Oriel Street is a narrow but historic street running between the High Street to the north and Oriel Square to the south in central Oxford, England. The street is now blocked off to traffic by bollards at the High Street end.

It passes between the main site of Oriel College (hence its name) to the east and Oriel's newer "Island" site to the west. At the High Street end to the east is the 1911 Rhodes Building, named after the former Oriel student Cecil Rhodes, who went on to colonize the African state of Rhodesia (also named after him).

== History ==

The name Oriel Street was in use by 1850. From 1210 it was called Schidyard Street, although the spelling changed over time, according to Thomas Hearne in 1728 it was Sched Row – Writers' Row, and between 1542 and 1772 it was known as St Mary Hall Lane.

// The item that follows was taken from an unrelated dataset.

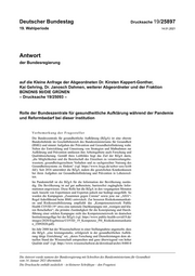 "content": "Deutscher Bundestag Drucksache 19/25897 19. Wahlperiode 14.01.2021 Antwort der Bundesregierung auf die Kleine Anfrage der Abgeordneten Dr. Kirsten Kappert-Gonther, Kai Gehring, Dr. Janosch Dahmen, weiterer Abgeordneter und der Fraktion BÜNDNIS 90/DIE GRÜNEN – Drucksache 19/25093 – Rolle der Bundeszentrale für gesundheitliche Aufklärung während der Pandemie und Reformbedarf bei dieser Institution Vorbemerkung der Fragesteller Die Bundeszentrale für gesundheitliche Aufklärung (BZgA) ist eine oberste Bundesbehörde im Geschäftsbereich des Bundesministeriums für Gesundheit (BMG) und nimmt Aufgaben der Prävention und Gesundheitsförderung wahr. Neben der Entwicklung und Umsetzung von Strategien und Maßnahmen zur Aufklärung und Prävention umfassen ihre Arbeitsgebiete auch Forschung und Qualitätssicherung. Gemäß ihres Leitbildes liegt das Ziel der BZgA darin, „die Möglichkeiten und die Bereitschaft des Einzelnen zu verantwortungsbe- wusstem, gesundheitsgerechtem Verhalten und zu sachgerechter Nutzung des Gesundheitssystems zu fördern“ (vgl. https://www.bzga.de/ueber-uns/leitb ild/). Seit 2016 unterstützt die BZgA zudem die gesetzlichen Krankenkassen bei ihren Aufgaben zur Gesundheitsförderung und Prävention in Lebenswel- ten. Im Pandemiefall ist die BZgA für die Information der Bevölkerung zustän- dig. Die Bevölkerung ist auf gut aufbereitete, barrierefrei zugängliche Infor- mationen angewiesen. Diese Rolle hat die BZgA in den vergangenen Monaten nach Ansicht von Expertinnen und Experten jedoch nur bedingt ausgefüllt. So wurden die Kampagnen „Zusammen gegen Corona“ sowie jene zur „AHA“- Regel federführend beim BMG entwickelt. Zur besseren Risikokommunikati- on und Risikosensibilisierung empfiehlt das „Kompetenznetzwerk Public Health COVID-19“ etwa eine nationale Dachkampagne mit „wenigen und kla- ren Botschaften“; die primäre Zuständigkeit für die Konzipierung und Durch- führung einer solchen Kampagne sieht das Kompetenznetzwerk im deutschen Institutionengefüge bei der BZgA (vgl. https://www.public-health-covid19.de/ images/2020/Ergebnisse/COVID_19_Kompetenz_PH_Risikokommunikatio n_25092020.pdf). Im Jahr 2008 hat der Wissenschaftsrat in einer Stellungnahme angemerkt, dass die BZgA „eine leistungsstarke, erfolgreich in der gesundheitlichen Aufklä- rung tätige Einrichtung“ sei, „deren Forschung und Dienstleistungen dem ak- tuellen Stand der Wissenschaft entsprechen und ganz überwiegend von hoher Qualität sind“ (vgl. https://www.wissenschaftsrat.de/download/archiv/8480-0 Die Antwort wurde namens der Bundesregierung mit Schreiben des Bundesministeriums für Gesundheit vom 14. Januar 2021 übermittelt. Die Drucksache enthält zusätzlich – in kleinerer Schrifttype – den Fragetext.",

A map of 1814 shows the street running south through what is now Corpus Christi as far the President's lodgings. Until 1838, it was also known as Skimmery Hall Lane and Oriel Lane was in use from around the mid-19th century.

In 1833, the first of a number of theatres in Oxford to be known as "The New Theatre" was opened in St Mary Hall Lane. It is generally thought that this refers to the Oriel Square tennis court. In August 1986, a tunnel under the street, connecting St Mary quad and O'Brien quad, was completed.